Problem requirements> Reproduce the whole listing exactly, omitting any picture it holds.

Source material>
------------
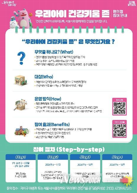 전담관리원은 점검과 함께 ’우리아이 건강키움 존‘ 포스터를 배부하는 등 사업 참여를 적극 안내할 예정이다. 참여를 신청한 업소에는 서울시와 계약한 전문업체가 방문해 건강식품 우선 진열과 표지물 설치를 지원한다.
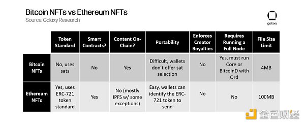 与以太坊等链上广泛使用的 NFT 相比,序数 NFT 完全不同。
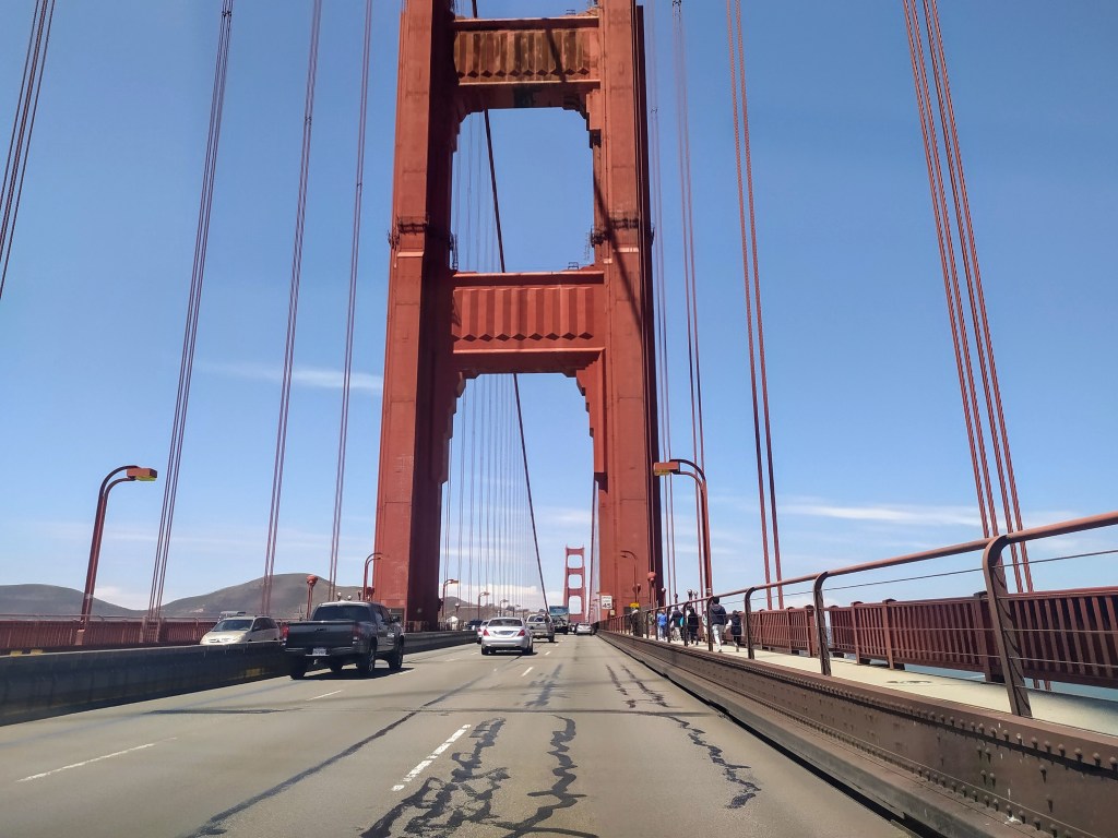 Poměrně zajímavá je údržba mostu (v mnohém připomíná údržbu D5 😉 ). Pracuje na ní kolem 200 stálých zaměstnanců a například natírání mostu je nikdy nekončící proces – natírá se zkrátka pořád. Již od výstavby v roce 1937 se používá tzv. International Orange barva (pro zájemce: RGB #c0362c 🙂 ). Vybrána byla pro svoji dobrou viditelnost a také proto, že její teplý odstín se hodí k barvě okolních pevninských mas.
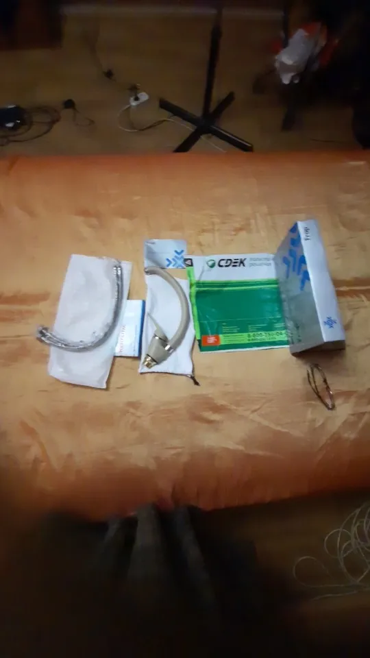 Доставка за 5 дней. В комплекте два гибких шланга 40 см длинной. Крепится к мойке с помощью одной гайки руками. Минус в том что в комплекте отсутствует приспособления для затягивания гайки смесителя и гибкой подводки. У руками очень трудно сильно зафиксировать гайку смесителя. При работе смесителя отсутствует шум.
------------
Exercise response>
 전담관리원은 점검과 함께 ’우리아이 건강키움 존‘ 포스터를 배부하는 등 사업 참여를 적극 안내할 예정이다. 참여를 신청한 업소에는 서울시와 계약한 전문업체가 방문해 건강식품 우선 진열과 표지물 설치를 지원한다.
 与以太坊等链上广泛使用的 NFT 相比,序数 NFT 完全不同。
 Poměrně zajímavá je údržba mostu (v mnohém připomíná údržbu D5 😉 ). Pracuje na ní kolem 200 stálých zaměstnanců a například natírání mostu je nikdy nekončící proces – natírá se zkrátka pořád. Již od výstavby v roce 1937 se používá tzv. International Orange barva (pro zájemce: RGB #c0362c 🙂 ). Vybrána byla pro svoji dobrou viditelnost a také proto, že její teplý odstín se hodí k barvě okolních pevninských mas.
 Доставка за 5 дней. В комплекте два гибких шланга 40 см длинной. Крепится к мойке с помощью одной гайки руками. Минус в том что в комплекте отсутствует приспособления для затягивания гайки смесителя и гибкой подводки. У руками очень трудно сильно зафиксировать гайку смесителя. При работе смесителя отсутствует шум.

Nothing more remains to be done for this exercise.